Your assignment :: Reproduce the records that follow without alteration, apart from removing the pictures.

Data supplied ::
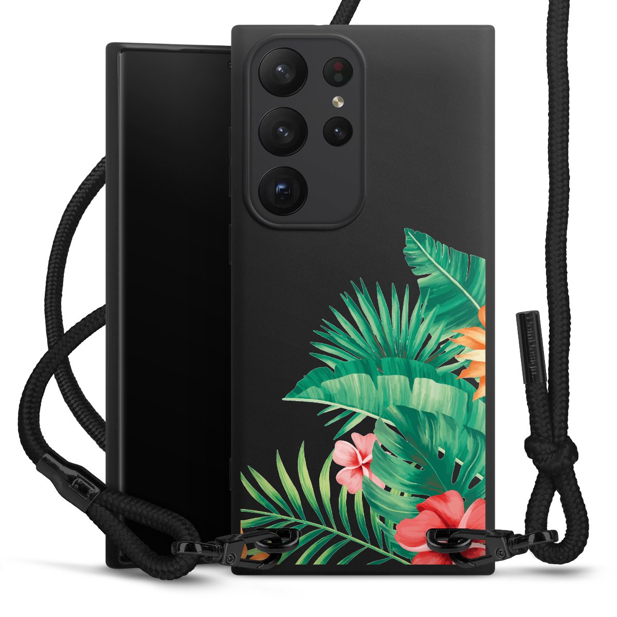 We use the solid direct print process for this phone case, which is why the print area only covers the back and the edge remains unprinted. The case to wear around your neck can be ordered unprinted, fully printed, or partially printed. For your design, either choose one of our exclusive shop motifs or get creative and create your own design, for example with photos and overlays. Design your own personal trend accessory and make an individual statement on the streets!
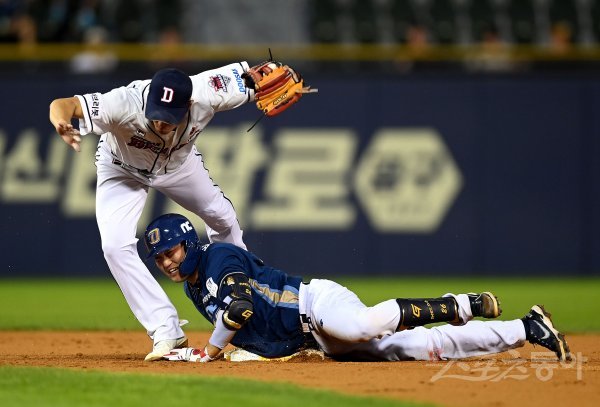 11일 서울 잠실야구장에서 ‘2022 신한은행 SOL KBO리그’ 두산 베어스와 NC 다이노스의 경기가 열렸다. 4회초 2사 만루에서 NC 박대온이 2타점 안타를 날린 후 2루에서 태그 아웃되고 있다.
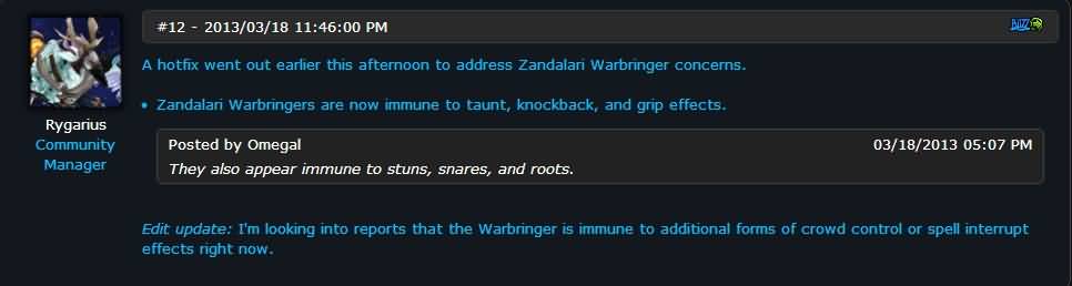 “关于赞达拉战争使者的问题会有一个hotfix进行修正:赞达拉战争使者将免疫嘲讽、击退以及死亡之握效果。”
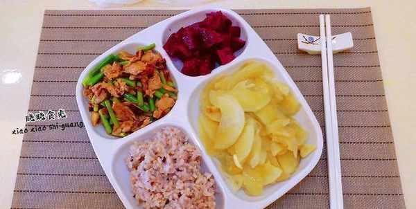 蒜苔炒肉片、炒雪莲果、三色糙米、火龙果。
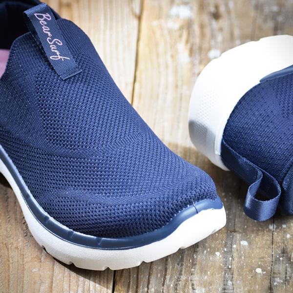 スニーカー レディース スリッポン ウォーキングシューズ ひもなし 靴 軽量 黒 ネイビー BEARSURF
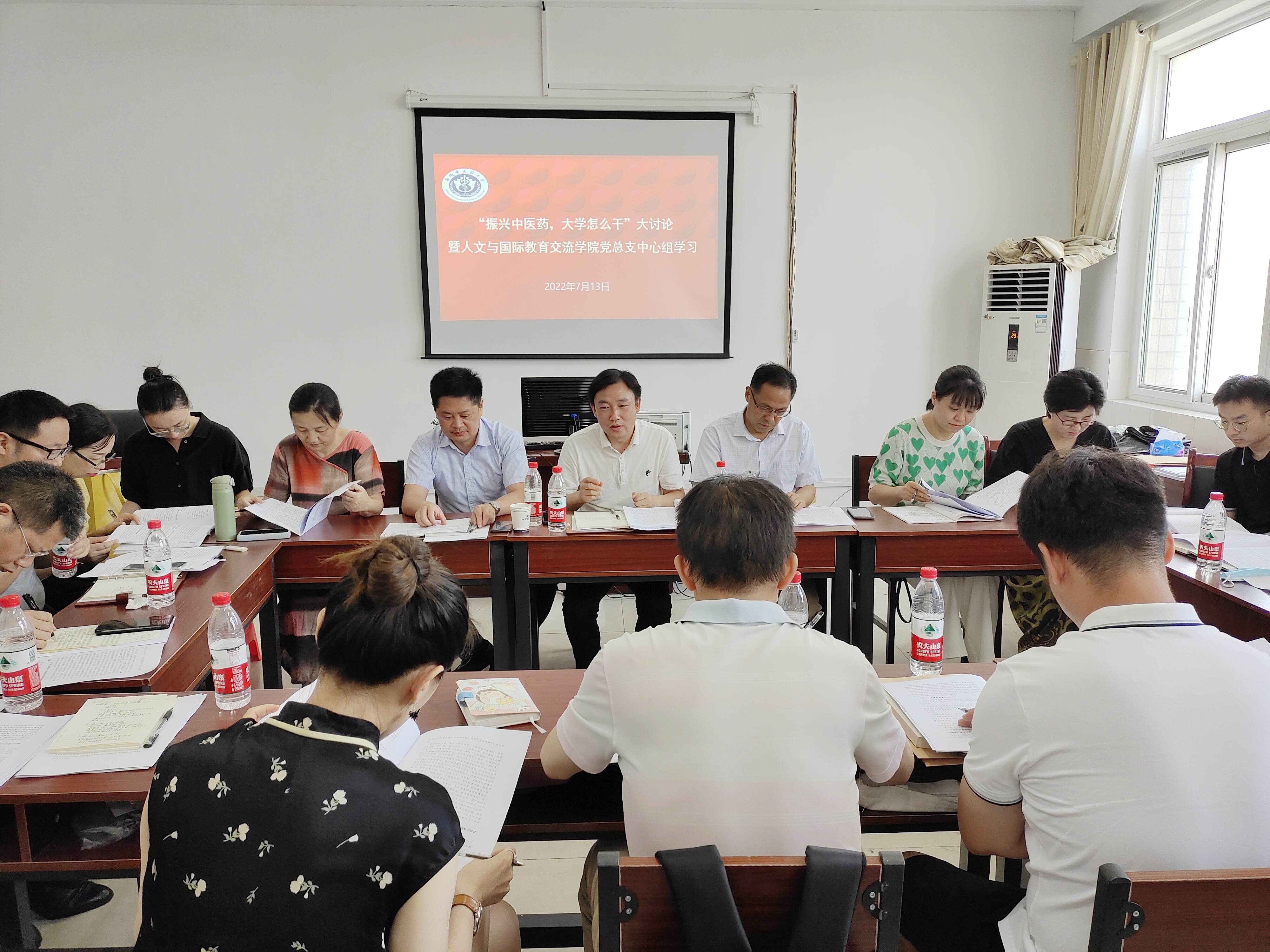 为贯彻落实学校党委书记王琦在“振兴中医药,大学怎么干”大讨论、大谋划、大行动动员部署会上的讲话精神及学校党委的有关工作部署、具体要求。7月13日上午,人文与国际教育交流学院召开“振兴中医药,大学怎么干”大讨论暨党总支中心组学习会。学院党政领导、党总支委员、各支部书记、各系(中心)主任和各行政科室负责人参加会议。会议由学院党总支书记姚为久主持。

Answer ::
 We use the solid direct print process for this phone case, which is why the print area only covers the back and the edge remains unprinted. The case to wear around your neck can be ordered unprinted, fully printed, or partially printed. For your design, either choose one of our exclusive shop motifs or get creative and create your own design, for example with photos and overlays. Design your own personal trend accessory and make an individual statement on the streets!
 11일 서울 잠실야구장에서 ‘2022 신한은행 SOL KBO리그’ 두산 베어스와 NC 다이노스의 경기가 열렸다. 4회초 2사 만루에서 NC 박대온이 2타점 안타를 날린 후 2루에서 태그 아웃되고 있다.
 “关于赞达拉战争使者的问题会有一个hotfix进行修正:赞达拉战争使者将免疫嘲讽、击退以及死亡之握效果。”
 蒜苔炒肉片、炒雪莲果、三色糙米、火龙果。
 スニーカー レディース スリッポン ウォーキングシューズ ひもなし 靴 軽量 黒 ネイビー BEARSURF
 为贯彻落实学校党委书记王琦在“振兴中医药,大学怎么干”大讨论、大谋划、大行动动员部署会上的讲话精神及学校党委的有关工作部署、具体要求。7月13日上午,人文与国际教育交流学院召开“振兴中医药,大学怎么干”大讨论暨党总支中心组学习会。学院党政领导、党总支委员、各支部书记、各系(中心)主任和各行政科室负责人参加会议。会议由学院党总支书记姚为久主持。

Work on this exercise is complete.